Nearly every day Kelly Coffey, 36, of Northampton works fast as she lifts the heaviest weights she can handle, not counting the reps until she brings herself to failure — unable to move another weight.

That’s after meeting at 6 a.m. in her home gym each morning with clients she coaches through their workouts.

She is toned, healthy and beams with confidence. You would never know that just over a decade ago, at age 23, she was obese and in despair.

At 5-feet, 7-inches tall, Coffey weighed over 300 pounds and after having tried every diet she could find, she had turned to gastric bypass surgery — a sectioning off of her stomach to restrict her intake of food.

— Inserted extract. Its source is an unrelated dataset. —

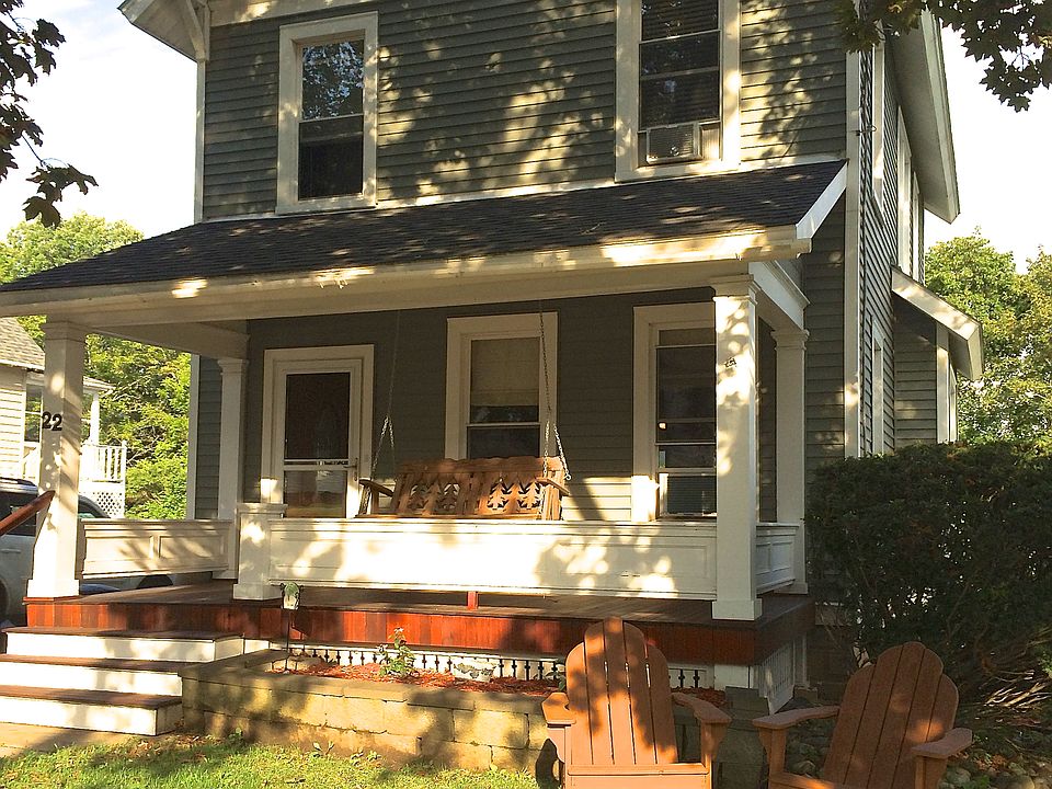 Relax on the front porch of this home located on a dead end street or entertain on the deck in the large back yard. Many updates: windows, vinyl siding, furnace, roof ,new entrance door , hot water heater. Completely renovated kitchen and bath. Large living room with window seat. Hardwood floors in the updates. Walk up attic for expansion. Built in book shelf going up the stairway. Walk out basement. Please see information sheet for further details.

Battling weight had been a life-long struggle; she attended her first Weight Watchers class at age 5. Diabetes had crept up on her and her blood pressure was high for her age. She had to do something.

At first the surgery helped her shed 160 pounds within the first two years. But she learned soon enough that working on the mind is as important as focusing on the body when it comes to weight loss. She hadn’t changed bad eating habits and the weight started creeping back.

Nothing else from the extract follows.